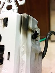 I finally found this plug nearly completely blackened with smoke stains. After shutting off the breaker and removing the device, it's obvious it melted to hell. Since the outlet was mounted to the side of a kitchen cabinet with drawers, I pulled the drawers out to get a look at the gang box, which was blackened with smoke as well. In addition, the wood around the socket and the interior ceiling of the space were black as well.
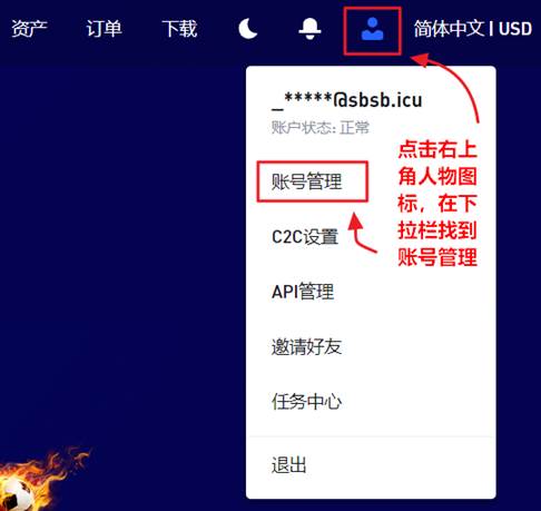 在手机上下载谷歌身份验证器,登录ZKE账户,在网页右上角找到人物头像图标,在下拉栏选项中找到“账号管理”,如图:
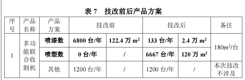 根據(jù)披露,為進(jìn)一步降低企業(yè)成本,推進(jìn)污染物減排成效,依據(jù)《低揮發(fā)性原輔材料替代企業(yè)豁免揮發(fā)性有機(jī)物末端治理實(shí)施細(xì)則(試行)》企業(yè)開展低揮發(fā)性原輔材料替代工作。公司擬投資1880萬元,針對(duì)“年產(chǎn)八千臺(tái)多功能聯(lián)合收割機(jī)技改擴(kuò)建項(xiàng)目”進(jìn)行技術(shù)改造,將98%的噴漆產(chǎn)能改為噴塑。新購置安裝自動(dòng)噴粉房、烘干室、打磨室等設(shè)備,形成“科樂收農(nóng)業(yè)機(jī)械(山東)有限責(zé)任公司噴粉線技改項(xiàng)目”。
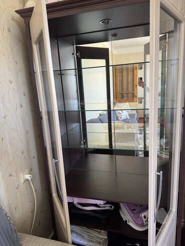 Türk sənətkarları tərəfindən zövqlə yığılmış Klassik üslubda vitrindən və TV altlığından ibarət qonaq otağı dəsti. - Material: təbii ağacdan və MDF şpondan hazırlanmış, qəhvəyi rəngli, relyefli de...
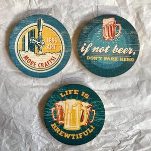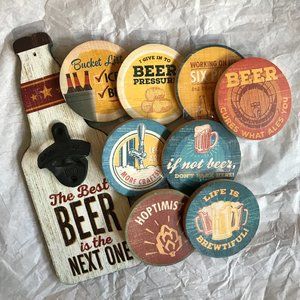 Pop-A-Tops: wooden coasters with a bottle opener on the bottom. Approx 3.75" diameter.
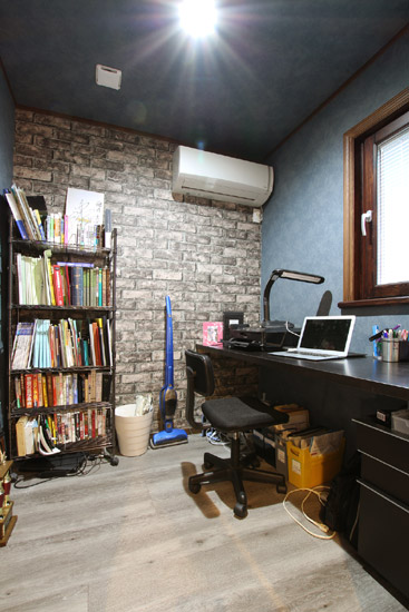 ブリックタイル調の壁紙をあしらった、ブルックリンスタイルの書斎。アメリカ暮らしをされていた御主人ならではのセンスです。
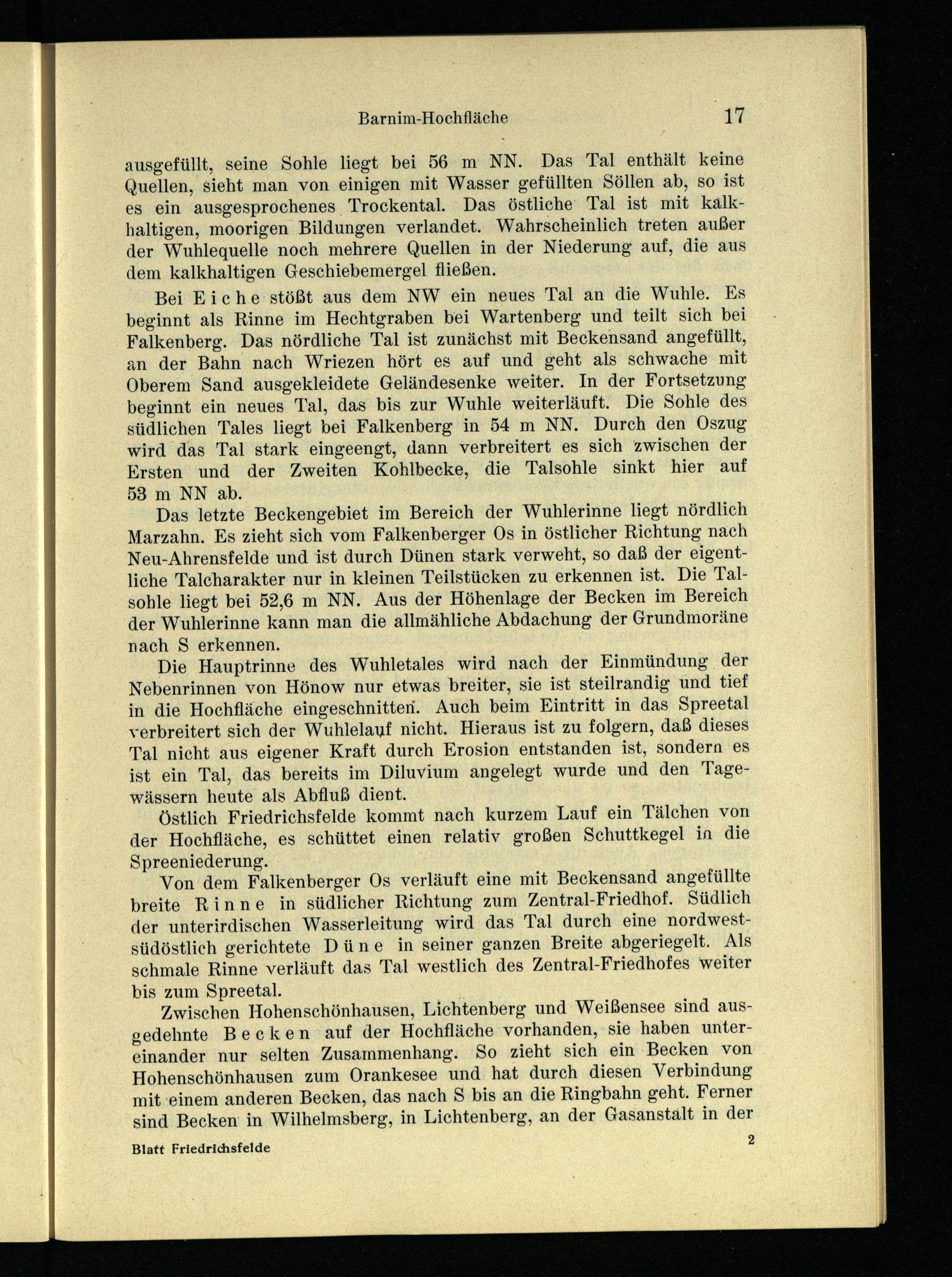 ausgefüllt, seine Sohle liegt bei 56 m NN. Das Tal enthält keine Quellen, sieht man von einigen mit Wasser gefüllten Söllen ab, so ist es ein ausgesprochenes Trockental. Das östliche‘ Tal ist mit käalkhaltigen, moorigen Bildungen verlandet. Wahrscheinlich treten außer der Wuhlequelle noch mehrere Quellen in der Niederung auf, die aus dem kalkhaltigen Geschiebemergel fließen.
□ □ □ □
ACTIVITY: Everything above from the line that has "Pop-A-Tops: wooden coasters" down to the line that has "ブリックタイル調の壁紙をあし" should be output exactly, with both of those lines included. Leave the pictures behind.

REPLY TO THE EXERCISE:
 Pop-A-Tops: wooden coasters with a bottle opener on the bottom. Approx 3.75" diameter.
 ブリックタイル調の壁紙をあしらった、ブルックリンスタイルの書斎。アメリカ暮らしをされていた御主人ならではのセンスです。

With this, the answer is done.